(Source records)
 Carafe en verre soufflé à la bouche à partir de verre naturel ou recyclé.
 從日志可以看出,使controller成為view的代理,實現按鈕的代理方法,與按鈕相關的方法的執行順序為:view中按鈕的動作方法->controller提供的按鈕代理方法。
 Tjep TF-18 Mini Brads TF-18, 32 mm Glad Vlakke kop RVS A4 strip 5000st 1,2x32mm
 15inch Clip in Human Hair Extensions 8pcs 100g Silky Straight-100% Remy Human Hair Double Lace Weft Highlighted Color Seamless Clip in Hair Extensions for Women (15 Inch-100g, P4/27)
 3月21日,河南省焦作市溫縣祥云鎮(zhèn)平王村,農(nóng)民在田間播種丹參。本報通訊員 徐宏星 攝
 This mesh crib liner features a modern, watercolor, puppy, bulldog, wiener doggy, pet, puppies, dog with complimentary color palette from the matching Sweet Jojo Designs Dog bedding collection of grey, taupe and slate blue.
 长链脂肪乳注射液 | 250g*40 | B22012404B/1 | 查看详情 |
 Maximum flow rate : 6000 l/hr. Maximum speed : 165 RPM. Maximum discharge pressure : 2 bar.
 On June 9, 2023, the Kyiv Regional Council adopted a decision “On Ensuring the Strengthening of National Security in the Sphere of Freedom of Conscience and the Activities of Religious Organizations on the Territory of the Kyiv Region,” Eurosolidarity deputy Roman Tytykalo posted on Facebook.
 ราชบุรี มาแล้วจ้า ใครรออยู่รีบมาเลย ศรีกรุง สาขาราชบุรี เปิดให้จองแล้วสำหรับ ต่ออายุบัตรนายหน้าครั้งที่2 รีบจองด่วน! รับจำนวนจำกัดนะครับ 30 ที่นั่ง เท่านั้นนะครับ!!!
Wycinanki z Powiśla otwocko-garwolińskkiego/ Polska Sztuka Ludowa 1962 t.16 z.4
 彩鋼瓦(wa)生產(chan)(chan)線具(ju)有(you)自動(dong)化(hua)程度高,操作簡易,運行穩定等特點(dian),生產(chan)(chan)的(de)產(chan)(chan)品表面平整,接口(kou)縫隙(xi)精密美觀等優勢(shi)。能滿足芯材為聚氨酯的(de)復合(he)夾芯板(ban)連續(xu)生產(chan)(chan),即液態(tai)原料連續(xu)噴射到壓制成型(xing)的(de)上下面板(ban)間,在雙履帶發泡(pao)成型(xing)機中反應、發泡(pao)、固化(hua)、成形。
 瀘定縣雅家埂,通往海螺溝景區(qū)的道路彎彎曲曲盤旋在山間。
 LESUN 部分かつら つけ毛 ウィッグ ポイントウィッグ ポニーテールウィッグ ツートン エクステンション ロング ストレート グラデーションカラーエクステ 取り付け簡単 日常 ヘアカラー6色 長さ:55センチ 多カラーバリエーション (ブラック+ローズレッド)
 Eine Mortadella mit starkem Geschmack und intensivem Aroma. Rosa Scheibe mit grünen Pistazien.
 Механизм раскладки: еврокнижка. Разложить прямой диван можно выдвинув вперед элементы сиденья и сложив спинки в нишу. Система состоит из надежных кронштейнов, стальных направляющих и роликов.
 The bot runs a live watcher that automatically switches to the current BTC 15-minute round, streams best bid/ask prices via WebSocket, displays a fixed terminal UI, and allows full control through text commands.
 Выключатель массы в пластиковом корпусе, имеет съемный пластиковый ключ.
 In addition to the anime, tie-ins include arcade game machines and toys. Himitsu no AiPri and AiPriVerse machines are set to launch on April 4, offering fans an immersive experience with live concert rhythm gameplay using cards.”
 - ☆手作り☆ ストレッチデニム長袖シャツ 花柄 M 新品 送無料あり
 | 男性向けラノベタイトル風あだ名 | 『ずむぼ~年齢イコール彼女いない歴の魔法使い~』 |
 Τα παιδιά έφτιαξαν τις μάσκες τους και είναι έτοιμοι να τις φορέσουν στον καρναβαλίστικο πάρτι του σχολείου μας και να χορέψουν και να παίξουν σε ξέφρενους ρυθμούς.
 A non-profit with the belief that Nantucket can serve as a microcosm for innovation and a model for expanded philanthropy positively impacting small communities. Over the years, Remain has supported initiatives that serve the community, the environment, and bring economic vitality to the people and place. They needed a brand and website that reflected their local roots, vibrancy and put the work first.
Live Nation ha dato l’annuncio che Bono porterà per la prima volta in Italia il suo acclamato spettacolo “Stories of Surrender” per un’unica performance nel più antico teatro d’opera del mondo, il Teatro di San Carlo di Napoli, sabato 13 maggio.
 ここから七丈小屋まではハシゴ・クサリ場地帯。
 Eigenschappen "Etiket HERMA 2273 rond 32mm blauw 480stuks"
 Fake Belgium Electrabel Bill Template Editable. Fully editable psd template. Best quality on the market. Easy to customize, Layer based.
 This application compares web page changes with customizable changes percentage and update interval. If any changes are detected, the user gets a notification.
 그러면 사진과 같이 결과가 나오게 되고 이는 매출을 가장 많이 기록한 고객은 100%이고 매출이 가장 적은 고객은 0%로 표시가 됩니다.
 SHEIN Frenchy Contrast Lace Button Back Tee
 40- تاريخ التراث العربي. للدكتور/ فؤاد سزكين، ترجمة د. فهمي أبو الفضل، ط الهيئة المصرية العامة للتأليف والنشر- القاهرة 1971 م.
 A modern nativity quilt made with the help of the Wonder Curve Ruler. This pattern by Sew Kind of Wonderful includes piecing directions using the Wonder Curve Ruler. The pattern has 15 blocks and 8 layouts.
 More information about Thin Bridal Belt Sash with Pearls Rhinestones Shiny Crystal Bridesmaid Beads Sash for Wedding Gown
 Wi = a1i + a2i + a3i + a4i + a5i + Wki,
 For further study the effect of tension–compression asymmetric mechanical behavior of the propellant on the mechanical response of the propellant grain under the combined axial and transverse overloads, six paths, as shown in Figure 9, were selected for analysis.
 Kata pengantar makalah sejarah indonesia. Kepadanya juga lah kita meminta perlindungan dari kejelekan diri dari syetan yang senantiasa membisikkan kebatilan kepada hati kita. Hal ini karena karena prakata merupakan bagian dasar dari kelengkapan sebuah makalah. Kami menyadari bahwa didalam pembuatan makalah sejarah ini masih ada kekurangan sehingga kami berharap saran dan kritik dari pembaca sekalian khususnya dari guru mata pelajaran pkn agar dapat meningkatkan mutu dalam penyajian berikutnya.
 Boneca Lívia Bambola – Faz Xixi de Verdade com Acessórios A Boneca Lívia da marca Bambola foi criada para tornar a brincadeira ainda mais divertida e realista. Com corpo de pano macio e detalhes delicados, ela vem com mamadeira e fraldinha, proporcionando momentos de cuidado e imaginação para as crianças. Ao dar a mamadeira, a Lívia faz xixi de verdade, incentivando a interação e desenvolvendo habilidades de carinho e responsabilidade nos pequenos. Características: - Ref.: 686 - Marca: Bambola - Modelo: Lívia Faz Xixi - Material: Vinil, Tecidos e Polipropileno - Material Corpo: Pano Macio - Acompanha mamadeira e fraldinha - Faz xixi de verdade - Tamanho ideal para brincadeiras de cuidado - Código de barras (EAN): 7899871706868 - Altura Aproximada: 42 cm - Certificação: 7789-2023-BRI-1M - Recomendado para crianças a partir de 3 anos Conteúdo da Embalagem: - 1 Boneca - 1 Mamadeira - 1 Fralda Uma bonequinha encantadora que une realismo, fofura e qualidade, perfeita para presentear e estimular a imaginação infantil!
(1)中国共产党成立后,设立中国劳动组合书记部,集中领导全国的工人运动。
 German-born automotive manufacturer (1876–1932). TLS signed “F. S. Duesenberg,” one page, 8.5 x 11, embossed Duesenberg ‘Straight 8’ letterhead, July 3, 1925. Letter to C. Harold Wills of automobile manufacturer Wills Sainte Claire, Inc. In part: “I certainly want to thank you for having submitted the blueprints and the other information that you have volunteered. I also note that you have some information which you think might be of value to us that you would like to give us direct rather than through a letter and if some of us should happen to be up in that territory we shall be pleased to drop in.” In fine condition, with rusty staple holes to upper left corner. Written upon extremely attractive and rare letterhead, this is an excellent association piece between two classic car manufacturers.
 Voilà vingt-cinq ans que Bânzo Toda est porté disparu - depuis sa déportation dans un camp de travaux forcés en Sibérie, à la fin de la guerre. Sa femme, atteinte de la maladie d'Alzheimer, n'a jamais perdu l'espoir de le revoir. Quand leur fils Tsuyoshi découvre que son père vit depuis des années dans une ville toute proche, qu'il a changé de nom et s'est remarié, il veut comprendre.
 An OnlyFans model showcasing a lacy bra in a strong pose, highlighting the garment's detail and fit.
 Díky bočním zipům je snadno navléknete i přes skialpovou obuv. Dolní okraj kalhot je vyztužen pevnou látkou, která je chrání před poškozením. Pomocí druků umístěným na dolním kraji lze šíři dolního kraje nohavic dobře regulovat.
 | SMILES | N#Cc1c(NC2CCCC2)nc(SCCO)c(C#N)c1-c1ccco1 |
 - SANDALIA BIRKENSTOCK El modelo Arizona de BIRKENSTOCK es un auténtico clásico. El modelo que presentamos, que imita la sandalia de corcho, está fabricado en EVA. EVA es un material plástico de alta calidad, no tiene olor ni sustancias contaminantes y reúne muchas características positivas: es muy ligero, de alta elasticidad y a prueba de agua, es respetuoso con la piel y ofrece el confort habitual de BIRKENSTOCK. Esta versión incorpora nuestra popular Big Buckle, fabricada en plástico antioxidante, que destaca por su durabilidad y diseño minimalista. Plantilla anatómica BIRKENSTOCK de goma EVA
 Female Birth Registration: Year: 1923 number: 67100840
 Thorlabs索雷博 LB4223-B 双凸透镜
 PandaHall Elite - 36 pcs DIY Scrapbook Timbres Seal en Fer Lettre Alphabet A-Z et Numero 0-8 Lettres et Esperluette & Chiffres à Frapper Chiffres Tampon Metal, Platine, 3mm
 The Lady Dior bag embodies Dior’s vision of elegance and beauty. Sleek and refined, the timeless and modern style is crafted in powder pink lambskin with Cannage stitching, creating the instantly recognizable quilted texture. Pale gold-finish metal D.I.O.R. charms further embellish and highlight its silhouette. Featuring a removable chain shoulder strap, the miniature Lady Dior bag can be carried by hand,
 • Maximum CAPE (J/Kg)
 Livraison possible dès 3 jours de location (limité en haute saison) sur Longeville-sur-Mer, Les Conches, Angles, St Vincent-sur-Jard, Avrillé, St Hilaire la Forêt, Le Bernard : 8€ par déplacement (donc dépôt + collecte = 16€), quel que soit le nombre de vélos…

**Description of the task**
From the records above, reproduce exactly the lines from the one with "This mesh crib" to the one with "Maximum flow rate", both included, and no others.

**Response area**
 This mesh crib liner features a modern, watercolor, puppy, bulldog, wiener doggy, pet, puppies, dog with complimentary color palette from the matching Sweet Jojo Designs Dog bedding collection of grey, taupe and slate blue.
 长链脂肪乳注射液 | 250g*40 | B22012404B/1 | 查看详情 |
 Maximum flow rate : 6000 l/hr. Maximum speed : 165 RPM. Maximum discharge pressure : 2 bar.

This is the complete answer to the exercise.